Dort würden sie zum Büro der Vereinten Nationen gebracht. Ein UN-Mitarbeiter in Sanaa sagte, er warte noch auf eine Bestätigung der Berichte. Für die Freilassung sei kein Lösegeld gezahlt worden, sagte Someh. Zudem habe die jemenitische Regierung keine Zusagen über die Entlassung von Häftlingen gemacht.

Unterdessen ist auch zweieinhalb Jahre nach der Entführung einer fünfköpfigen deutschen Familie im Jemen das Schicksal von drei der Geiseln weiter unklar. Das Auswärtige Amt bemühe sich um Aufklärung, kämpfe aber mit der „extrem gespannten Sicherheitslage“ vor Ort, teilte eine Sprecherin mit.

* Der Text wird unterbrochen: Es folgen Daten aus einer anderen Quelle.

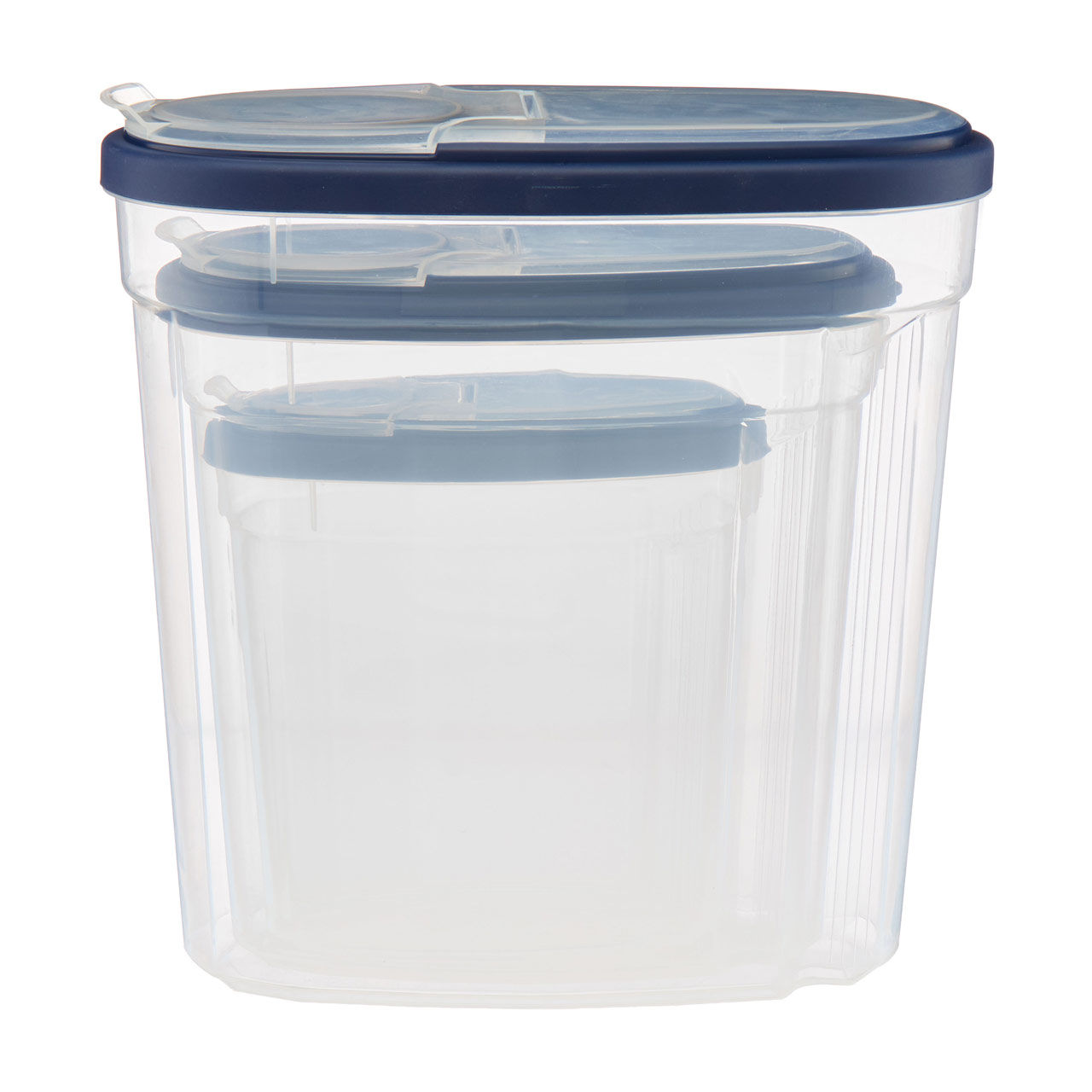 Each container features a secure, snap-lock lid in a sleek navy blue, ensuring an airtight seal that keeps your cereal crunchy and delicious for longer. The lids also include a convenient pouring spout, making it easy to serve cereal without spilling.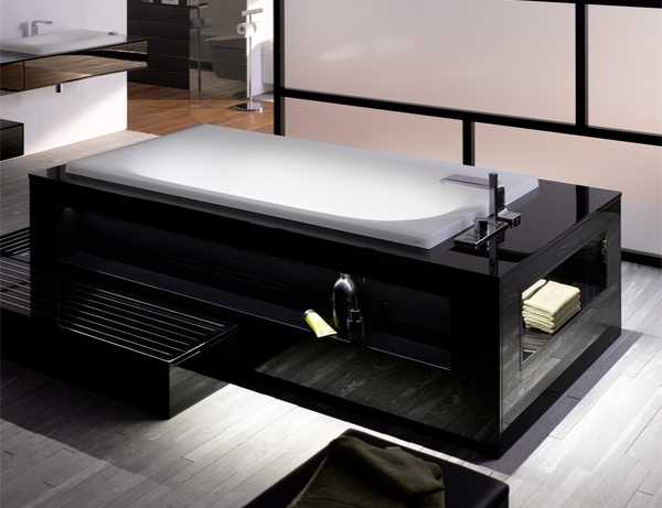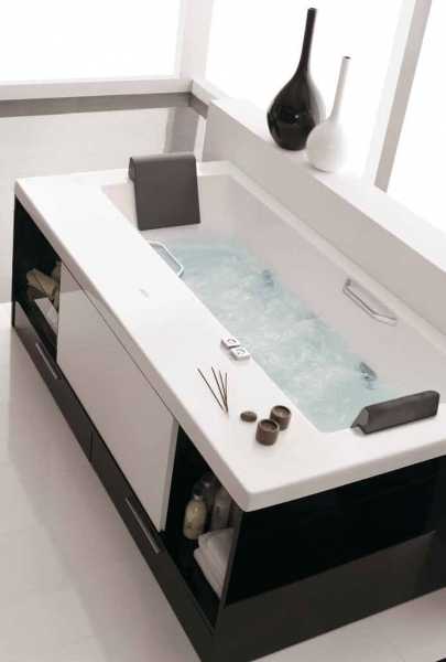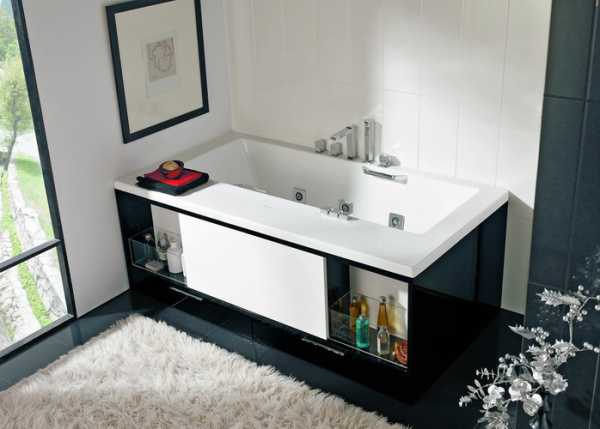 Ванна, установленная без экрана, смотрится не очень изящно даже в самой аккуратной и стильной ванной комнате. Поэтому следует хорошо подумать, как можно закрыть пространство под ней таким образом, чтобы доступ к сантехническим коммуникациям не был закрыт и была сохранена вся функциональность.
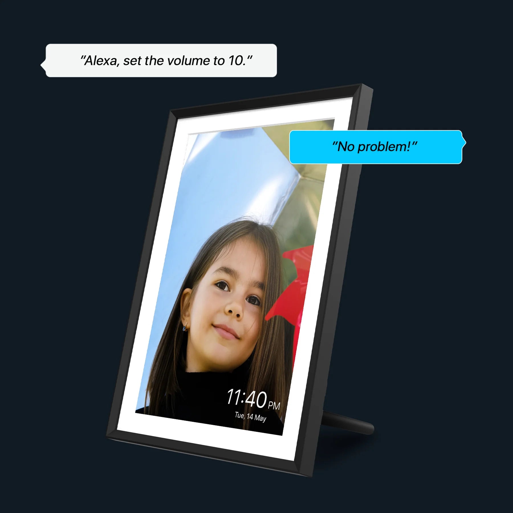 Alexa voice commands to adjust volume, play, pause, page turning, etc., making it simple for people of all ages to interact with frames.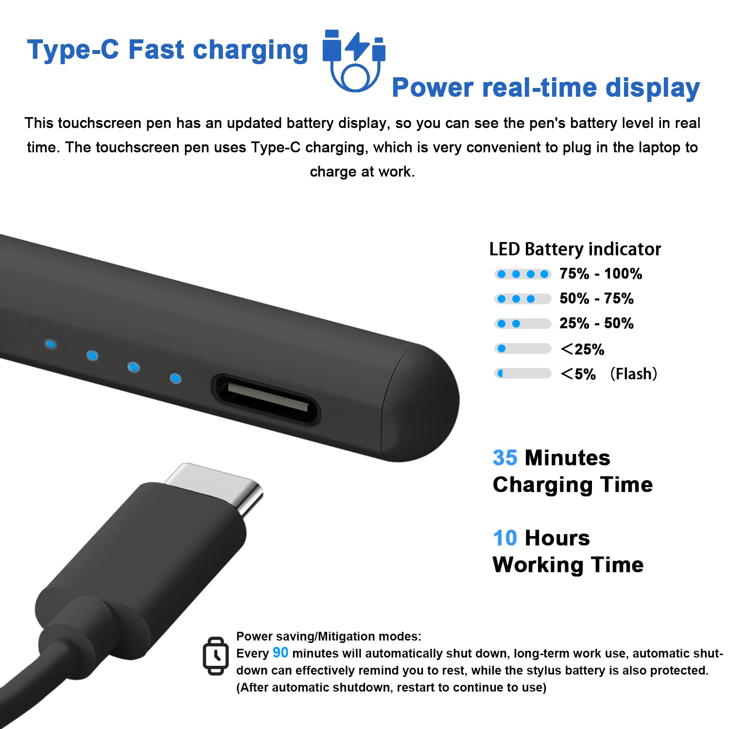 - USB-C Charging/Smart Power off: This ipad pen uses the popular USB-C charging port, which allows better connection to a computer or adapter for charging. The active stylus pen for ipad also has a smart shutdown/mitigation model that triggers an automatic shutdown after 90 minutes of work and writing, helping to remind you to rest and also helping to conserve battery power. (After automatic shutdown, restart can continue to use)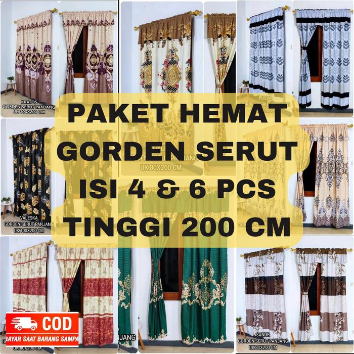 Promo Paket Hemat 4 & 6 Pcs Gorden Serut Jendela Dan Pintu Minimalis Ukuran Tinggi 200 Curtain Katun - Sanur Gorden Seru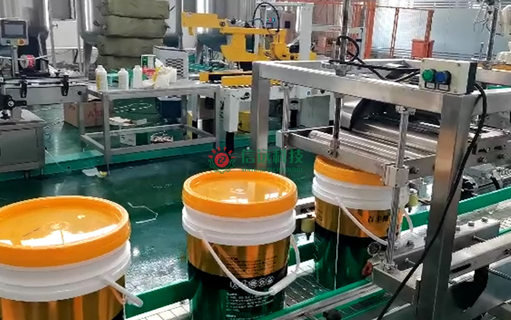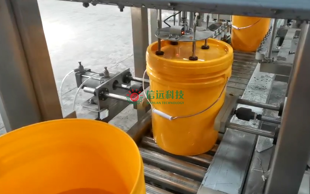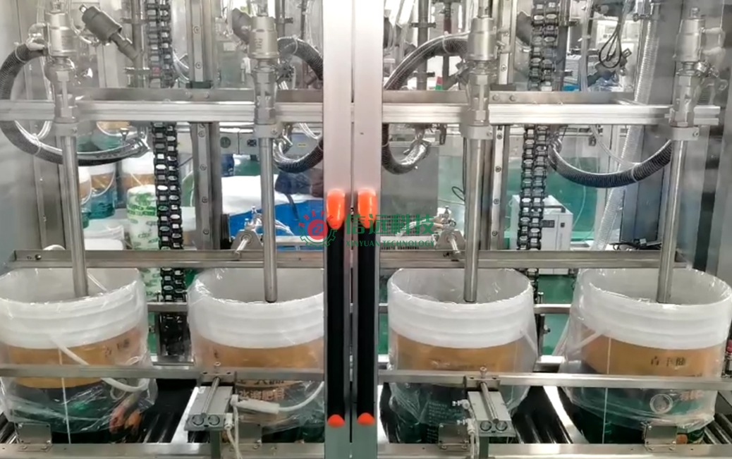 下面我們來具體講一下桶裝全自動灌裝機。該機主要由輸送輥道、緩存液缸、定位灌裝、電子稱重等幾大部分組成。進桶方式是把空桶有序放置在定位槽內(nèi),通過輥道帶動,精準輸送至灌裝頭下方,進桶的速度和間隔,與灌裝系統(tǒng)配套聯(lián)動,同步控制。該機上方設(shè)置有供料液缸,液料的進料方式為重力自流式;灌裝頭采用電機驅(qū)動下潛,邊灌裝邊提升,可有效減少泡沫產(chǎn)生;灌裝頭可左右、上下調(diào)節(jié),灌裝速度可調(diào),設(shè)計有防滴漏裝置;灌裝容量采用稱重傳感器計量方式,精度高、誤差小。該機采用PLC智能系統(tǒng)控制,具有桶體自動定位、無桶不灌裝、灌裝精度高等特點,同時具有實時監(jiān)控,實時調(diào)整和故障提示功能,可以自動完成進桶計數(shù)、計量灌裝、輸送出桶等一系列操作。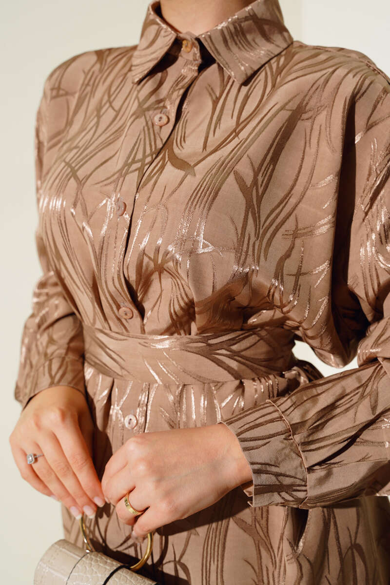 Yarım Düğmeli Çiçek Dantelli Elbise Saks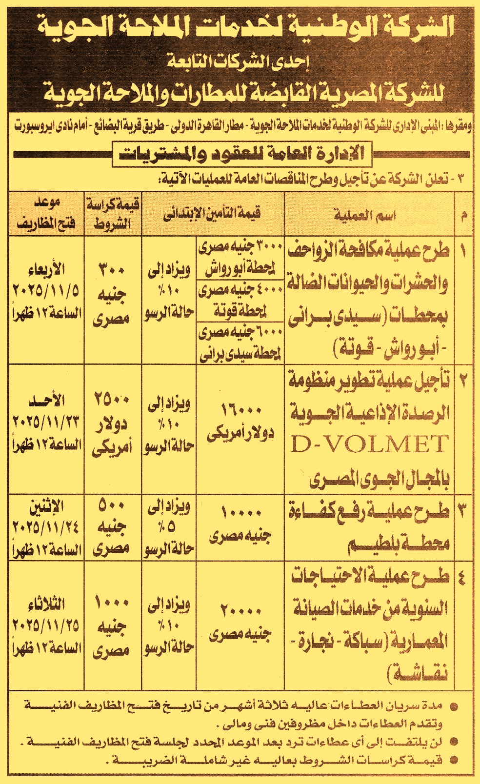 HOT Information مناقصة عامة لعملية مكافحة الزواحف والحشرات والحيوانات الضالة بالمحطات الأتية (1) محطة سيدي براني (2) محطة أبو رواش (3) محطة قوتة (مدة سريان العطاءات 3 أشهر) عن جريدة الجمهورية Post navigation الهيئة العامة للأرصاد الجوية محافظة المنيا
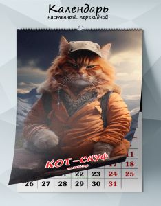 Календарь содержит забавные изображения кота-скуфа. Иллюстрации созданы с помощью искусственного интеллекта. Идеально подойдет в качестве подарка друзьям, родственникам или даже себе.
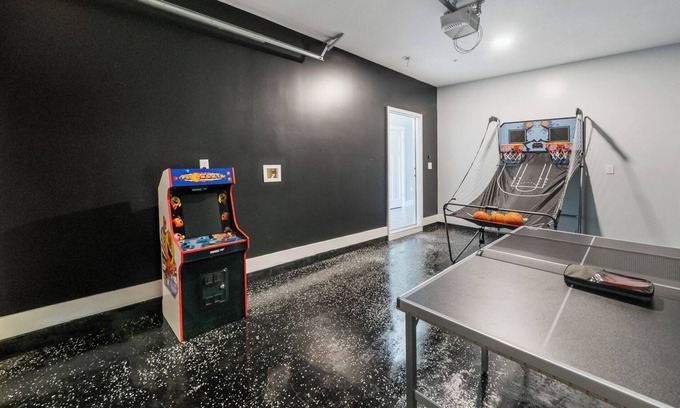 Each home boasts a gaming garage, board games, a deck & essential baby items like pack-n-plays & highchairs.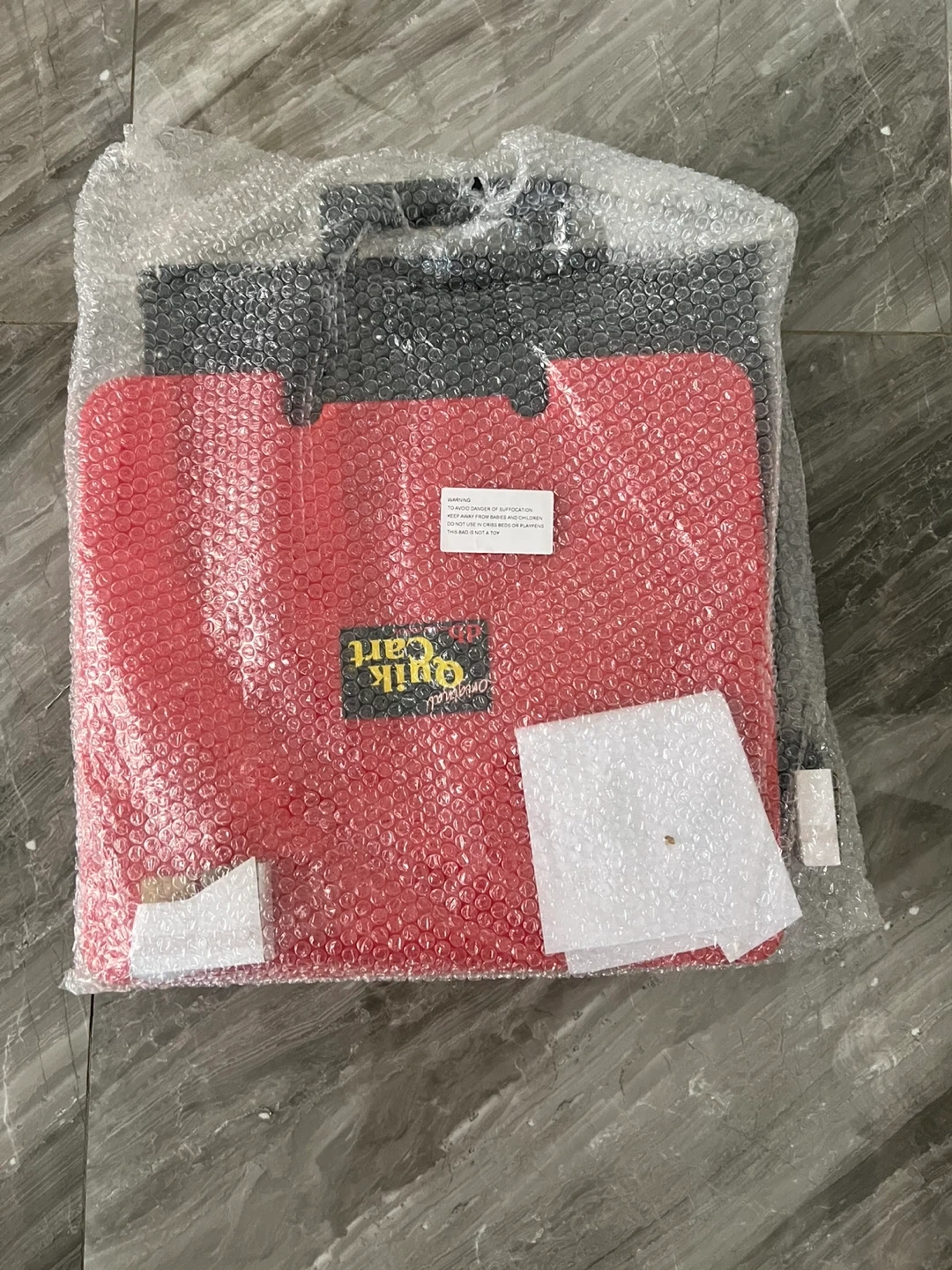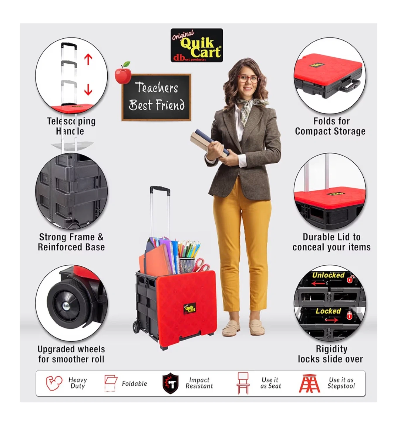This Original Quik Cart is a handy rolling utility cart that folds flat for easy storage. It's designed for durability with a strong frame and reinforced base. Use it as a seat or stepstool when needed!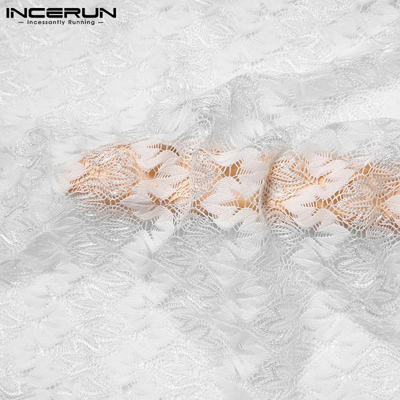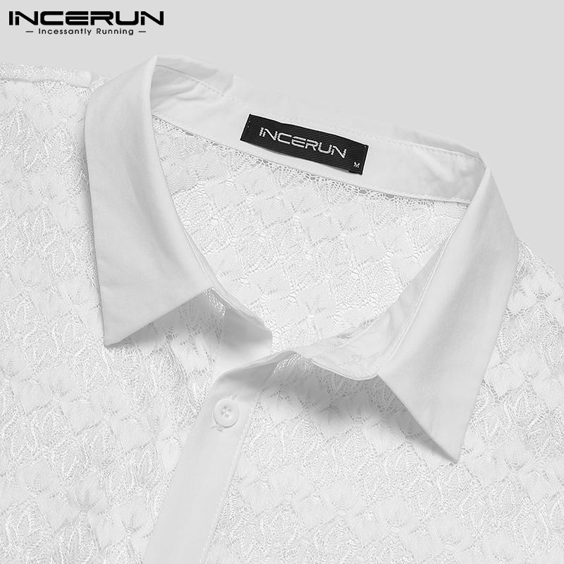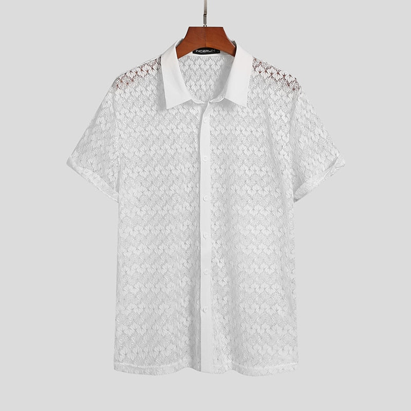 Mens Mesh Lace Lapel Short Sleeve See Through Casual Shirt

Bereits vorigen Juli habe der Krisenbeauftragte des Außenamts die jemenitischen Behörden in Gesprächen auf die Dringlichkeit des Falls hingewiesen.

Der von inneren Unruhen zerrüttete Jemen hat sich in der Vergangenheit wiederholt als gefährliches Pflaster für Ausländer erwiesen. Immer wieder kommt es dort zu Entführungen, um Zugeständnisse von der Regierung zu erpressen. Allein seit Ende 2005 wurden mindestens 15 deutsche Staatsbürger im Jemen verschleppt. Die meisten Geiselnahmen endeten jedoch unblutig.